Мисс Миллик нервно хохотнула. Подыскать определение выражению простого худощавого тридцатилетнего лица мистера Рэна, вырисовывавшегося на фоне пыльного окна, было явно за пределами ее возможностей. Он отвернулся и уставился в серую атмосферу города, которая накатывалась с сортировочных станций и фабрик. Когда он заговорил вновь, казалось, будто его голос доносится откуда-то издалека.
– Конечно, будучи нематериальным, оно не сможет навредить вам физически – поначалу. Вы должны обладать особой чувствительностью, чтобы увидеть его, или хотя бы просто осознать его присутствие. Но оно и без того начнет оказывать влияние на все ваши действия. Заставит сделать то. Помешает сделать это. Постепенно оно – пусть всего лишь и отражение – запустит свои когти в мир реальных вещей. Сумеет даже взять под полный контроль подходяще праздные и пустые умы. И тогда уже получит возможность действительно навредить кому только не захочет.
Мисс Миллик поежилась и, пока тянулась томительная пауза, перечитала свои записи, словно они могли подсказать, что в таких случаях делать. Она заметила, что свет за окном заметно потускнел, и ожидала, когда мистер Рэн попросит ее включить верхний свет. Вдруг почувствовала странный зуд, словно ей на кожу действительно осела сажа.
– Наш мир насквозь прогнил, мисс Миллик, – проговорил мистер Рэн, обращаясь к окну. – Созрел для очередного всплеска суеверий. Настало время привидениям, или как вы их там ни назовите, восстать и основать свое правление страха.
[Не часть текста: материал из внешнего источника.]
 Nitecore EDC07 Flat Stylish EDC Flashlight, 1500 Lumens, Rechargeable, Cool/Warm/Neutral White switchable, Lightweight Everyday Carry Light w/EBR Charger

Правда, людей им уже не переплюнуть.
– Но… – У мисс Миллик странно пресеклось дыхание, отчего она глуповато хихикнула. – Ведь никаких привидений, конечно же, не бывает!
Мистер Рэн обернулся.
– Конечно не бывает, мисс Миллик, – произнес он громким, покровительственным голосом, словно это она сама завела весь разговор. – Наука, здравый смысл, психиатрия – все убедительно доказывает именно такую точку зрения.
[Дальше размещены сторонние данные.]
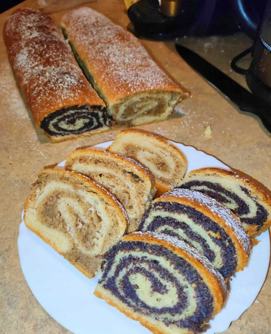 Juicy rolled pastry full of poppy seeds or nuts that stays soft even on the third day thanks to the sour cream in the dough. Ideal with afternoon coffee or tea, easy to prepare and fragrant thanks to lemon zest and vanilla.

Она повесила голову и, может, даже покраснела бы, если бы в тот момент не пребывала в полнейшей растерянности. Ноги у нее судорожно дернулись, понуждая ее встать, хотя она вовсе не намеревалась этого делать. Она бесцельно провела рукой вдоль края стола.
– Ой, мистер Рэн, посмотрите, что тут у вас на столе, – проговорила она, показывая на густо-черное грязное пятно. В голосе у нее прозвучала нотка бестактно-игривого укора. – Чего тут удивляться, что все наши документы всегда в каких-то пятнах! Кому-то давно пора поговорить с уборщицами. Они вас явно обходят своим вниманием.
Она рассчитывала, что получит нормальный шутливый ответ. Но он почему-то отпрянул, и лицо его напряглось.
– Ну ладно, вернемся к делу, – отрезал он грубым начальственным тоном и принялся диктовать дальше.
Как только она ушла, он вскочил, опасливо мазнул пальцем по испачканной части стола и обеспокоенно нахмурился, глядя на чуть ли не чернильные разводы. Выдернув ящик, вытащил тряпку, торопливо протер стол, скомкал ее и швырнул обратно. В ящике скопилось уже несколько таких тряпок, все измазанные сажей.
Потом он подошел к окну и несколько секунд обеспокоенно всматривался в сумерки, шаря глазами по крышам и останавливаясь на каждой печной трубе и водонапорном баке.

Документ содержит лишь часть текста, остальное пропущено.